We used Northern analysis to confirm the array results for several genes. We focused on genes that were up-regulated in rim101Δ strains, as explained below. Transcripts of CTS1, NRG1, PRB1, RIM8, SMP1, YDL038C, and YJR061W were detected at higher levels in a rim101Δ strain than in an isogenic RIM101 strain (Fig. 1, lane 2 compared to lane 1). Levels of a control ENO1 transcript were similar in the two strains (Fig. 1). Thus, these genes are negatively regulated by Rim101p.

FIG. 1.

Northern blot analysis of Rim101p-repressed genes.
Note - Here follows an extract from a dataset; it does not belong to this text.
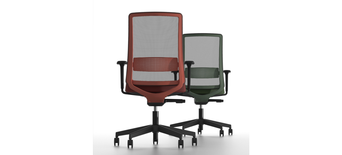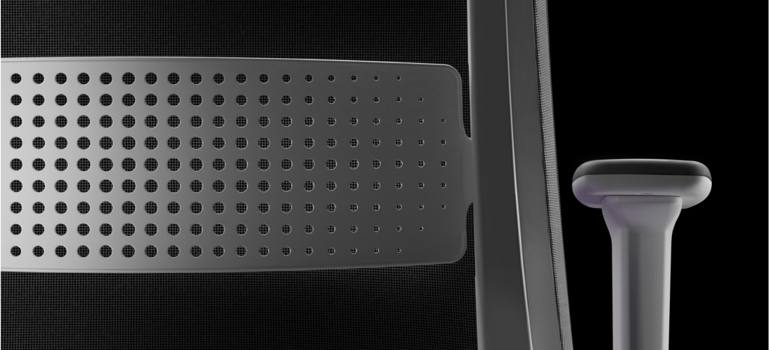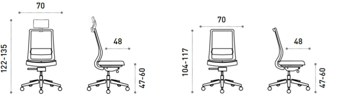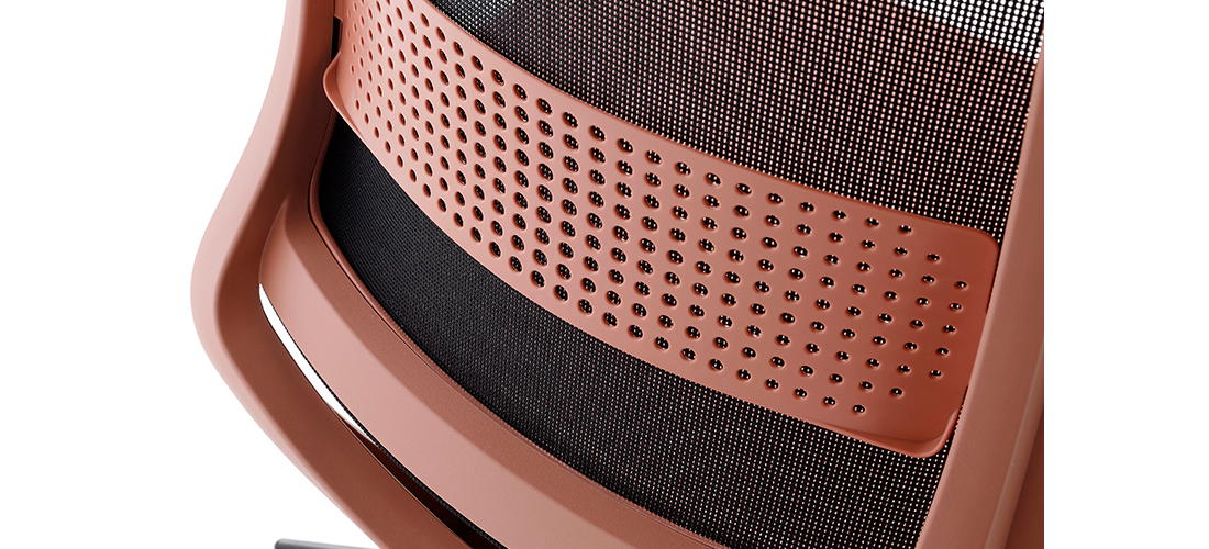 Costa: Rede. Suporte lombar regulável em altura. Cabide traseiro em polipropileno (opcional).

RNA prepared from YPD cultures of strains TLY941 (wild type, lanes 1 and 4), WXY281 (rim101Δ, lane 2), WXY278 (rim13Δ, lane 3), AMP1293 (tup1-269, lane 5), and AMP620 (wild type, lane 6) was used to prepare Northern blots, which were probed for SMP1, NRG1, PRB1, RIM8, YDL038C, YJR061, CTS1, and ENO1 transcripts. Blots were visualized and quantitated with a phosphorimager. The number under each lane represents the probe signal, corrected for ENO1 expression and setting the wild-type signal (lanes 1 or 6) at 1.0. Lanes 1 to 4 show 10 μg of poly(A)⁺ RNA; lanes 5 and 6 show 20 μg of total RNA.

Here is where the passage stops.